**** LISTED ENTRIES ****
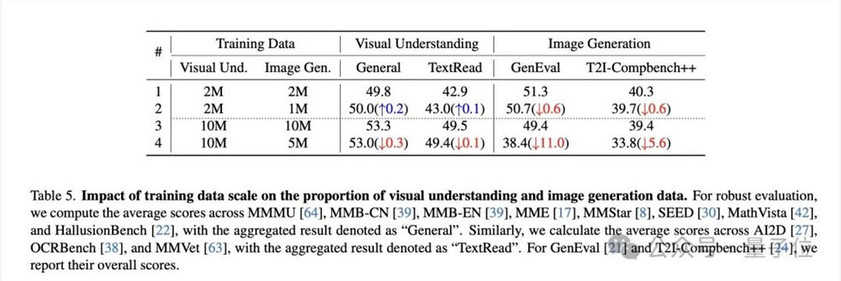 在大规模数据场景下(>15M),1:1的理解+生成数据比例能够兼顾理解与生成任务的性能
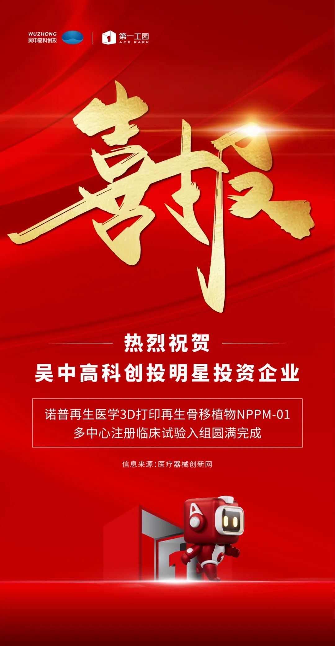 2021年,在第一工園園區載體的支撐下,吳中高科創投朝著企業投融資方向大步邁進,攜手國內醫療器械投資頭部機構元生創投,完成了對國家高新技術企業、國際領先的生物3D打印技術企業—蘇州諾普再生醫學有限公司的A輪投資。
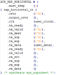 在NoC的每个交叉点上都有两个网络接入点(NAP),用户只要简单地通过例化NAP的原语或者宏定义就可以将自己的逻辑接入到NoC并进行互连。
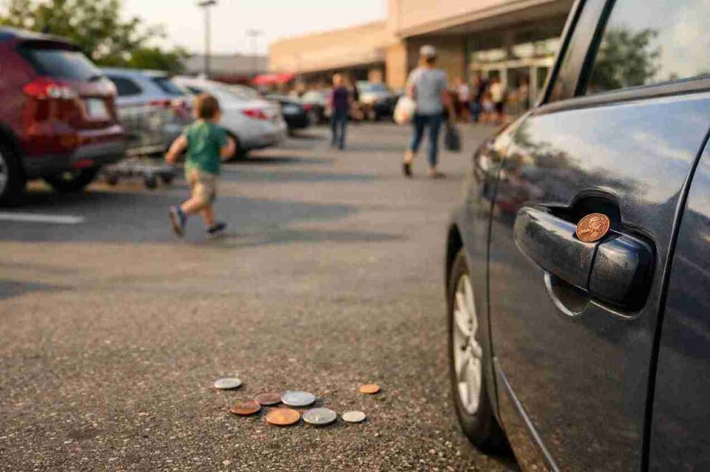 Still, it’s completely understandable to feel worried when you notice something unusual on your vehicle. In reality, a penny in a door handle often has a very ordinary explanation. Busy parking lots and driveways are full of activity—people drop loose change, kids play around cars, and sometimes objects simply fall or get pushed into unexpected places. What seems suspicious at first glance is more often just a random accident with no harmful intent behind it.
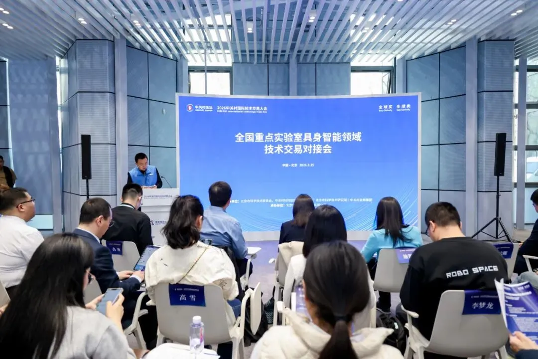 3月25日下午,2026中关村论坛年会中关村国际技术交易大会——全国重点实验室具身智能领域技术交易对接会在中关村国际技术交易中心举办。活动由北京市科学技术委员会、中关村科技园区管理委员会,北京市科学技术研究院,中关村发展集团联合主办,北京中关村科技服务有限公司承办。
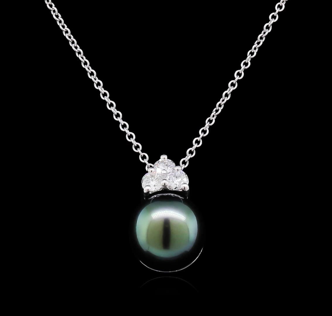 One pendant featuring: 14KT white gold weighing 1.50 grams containing one pearl and side diamonds with a total weight of 0.33ct.
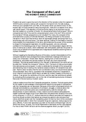 Readers are given a good clue as to the direction of the narrative when the captain of YHWH’s army comes to Joshua with a sword in his hand (5:13). He tells Joshua, “Remove your sandals from your feet, for the place where you stand is holy” (5:15). Moses’ sign of God’s presence was a burning bush; Joshua’s is a captain of an army with drawn sword. This depiction of God the divine warrior is an important one for feminist readers on a number of levels. On whose behalf does God conquer? Who is conquered and why? How are the conquered given voice in the text? Who controls this narrative? Whose perspective is not included? For many, the conquest of the promised land is a story of ultimate liberation, the fitting conclusion to the exodus narrative in which God intervenes to save an oppressed people and bring them to a land flowing with milk and honey. The slave spiritual “Joshua Fit the Battle of Jericho” memorializes this interpretation of the story and evidences the power of this narrative to shape the theological imagination of a suffering people, who are ultimately confident in the liberating power of God. Moreover, this interpretation aligns with the tone of Joshua as a whole, which celebrates with enthusiastic optimism the power of God to act on behalf of the oppressed and marginalized Israelites and bring them to a place of freedom…
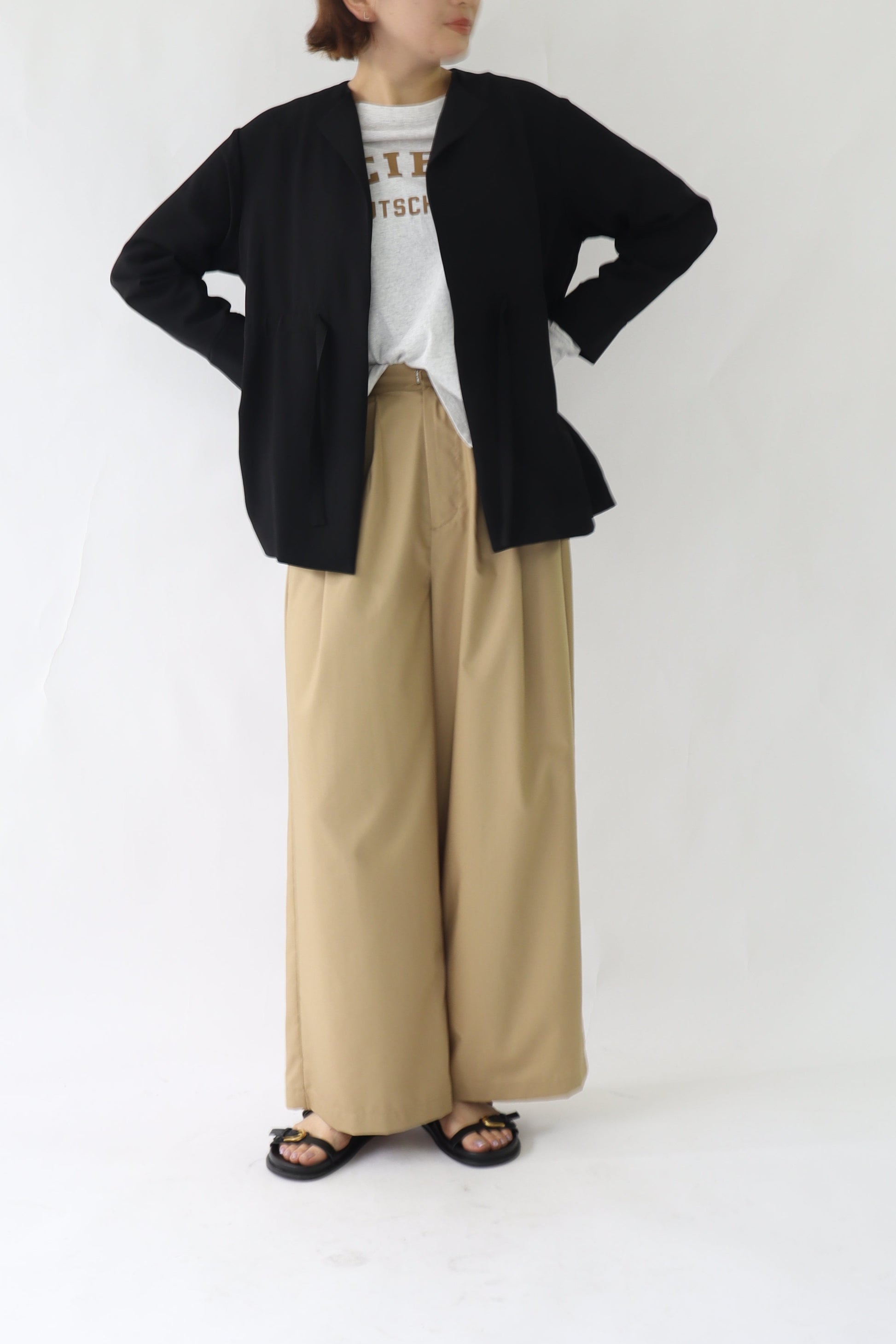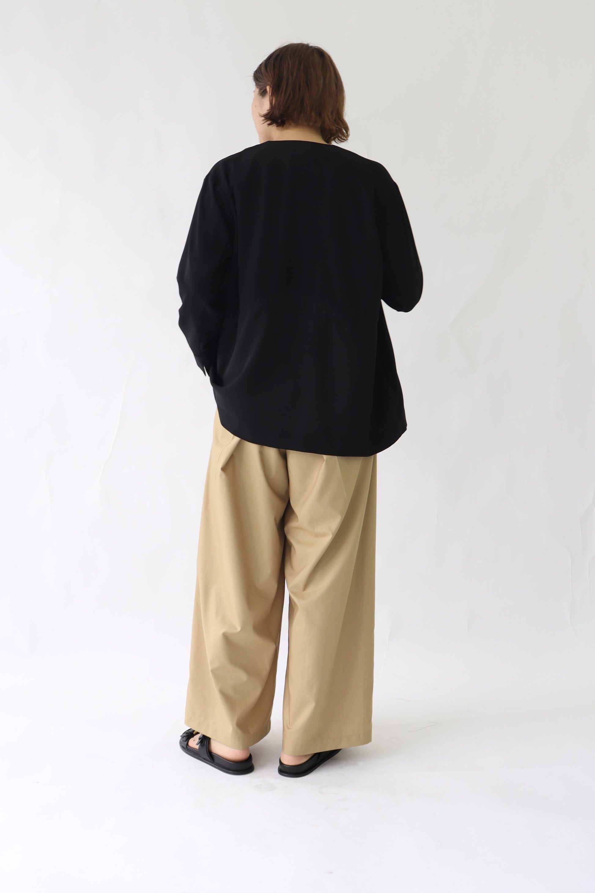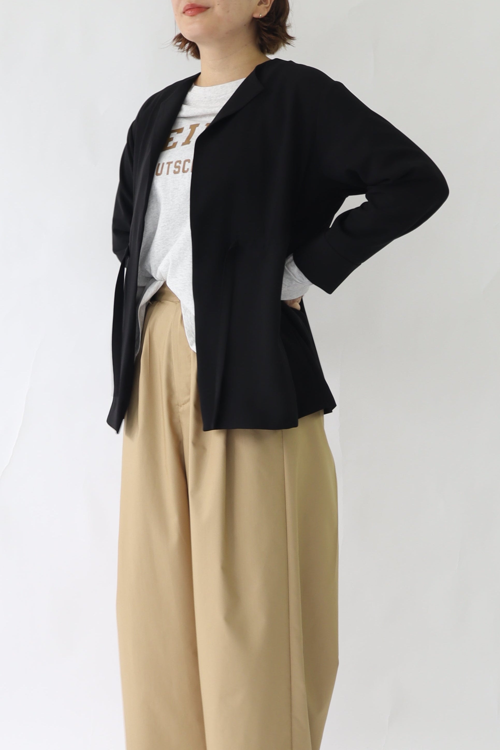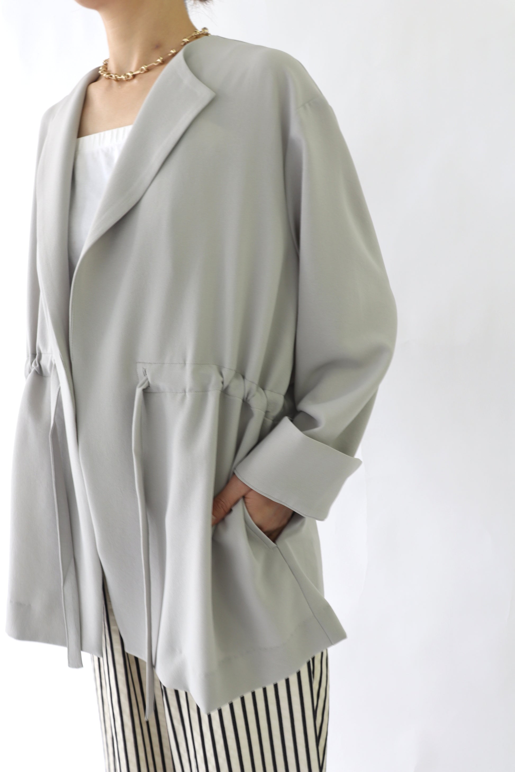 微ストレッチ感のある軽量の2WAYジョーゼットを使用しており、着心地が良いのはもちろん、しわになりにくい素材なので通勤着から日常着にも最適。鞄にしのばせて冷房除けなどにも使っていただけるので、長い間活躍するアイテムです。
****
— WORK TO COMPLETE —
Without the pictures, retype all of the data above exactly.

— WRITTEN SOLUTION —
 在大规模数据场景下(>15M),1:1的理解+生成数据比例能够兼顾理解与生成任务的性能
 2021年,在第一工園園區載體的支撐下,吳中高科創投朝著企業投融資方向大步邁進,攜手國內醫療器械投資頭部機構元生創投,完成了對國家高新技術企業、國際領先的生物3D打印技術企業—蘇州諾普再生醫學有限公司的A輪投資。
 在NoC的每个交叉点上都有两个网络接入点(NAP),用户只要简单地通过例化NAP的原语或者宏定义就可以将自己的逻辑接入到NoC并进行互连。
 Still, it’s completely understandable to feel worried when you notice something unusual on your vehicle. In reality, a penny in a door handle often has a very ordinary explanation. Busy parking lots and driveways are full of activity—people drop loose change, kids play around cars, and sometimes objects simply fall or get pushed into unexpected places. What seems suspicious at first glance is more often just a random accident with no harmful intent behind it.
 3月25日下午,2026中关村论坛年会中关村国际技术交易大会——全国重点实验室具身智能领域技术交易对接会在中关村国际技术交易中心举办。活动由北京市科学技术委员会、中关村科技园区管理委员会,北京市科学技术研究院,中关村发展集团联合主办,北京中关村科技服务有限公司承办。
 One pendant featuring: 14KT white gold weighing 1.50 grams containing one pearl and side diamonds with a total weight of 0.33ct.
 Readers are given a good clue as to the direction of the narrative when the captain of YHWH’s army comes to Joshua with a sword in his hand (5:13). He tells Joshua, “Remove your sandals from your feet, for the place where you stand is holy” (5:15). Moses’ sign of God’s presence was a burning bush; Joshua’s is a captain of an army with drawn sword. This depiction of God the divine warrior is an important one for feminist readers on a number of levels. On whose behalf does God conquer? Who is conquered and why? How are the conquered given voice in the text? Who controls this narrative? Whose perspective is not included? For many, the conquest of the promised land is a story of ultimate liberation, the fitting conclusion to the exodus narrative in which God intervenes to save an oppressed people and bring them to a land flowing with milk and honey. The slave spiritual “Joshua Fit the Battle of Jericho” memorializes this interpretation of the story and evidences the power of this narrative to shape the theological imagination of a suffering people, who are ultimately confident in the liberating power of God. Moreover, this interpretation aligns with the tone of Joshua as a whole, which celebrates with enthusiastic optimism the power of God to act on behalf of the oppressed and marginalized Israelites and bring them to a place of freedom…
 微ストレッチ感のある軽量の2WAYジョーゼットを使用しており、着心地が良いのはもちろん、しわになりにくい素材なので通勤着から日常着にも最適。鞄にしのばせて冷房除けなどにも使っていただけるので、長い間活躍するアイテムです。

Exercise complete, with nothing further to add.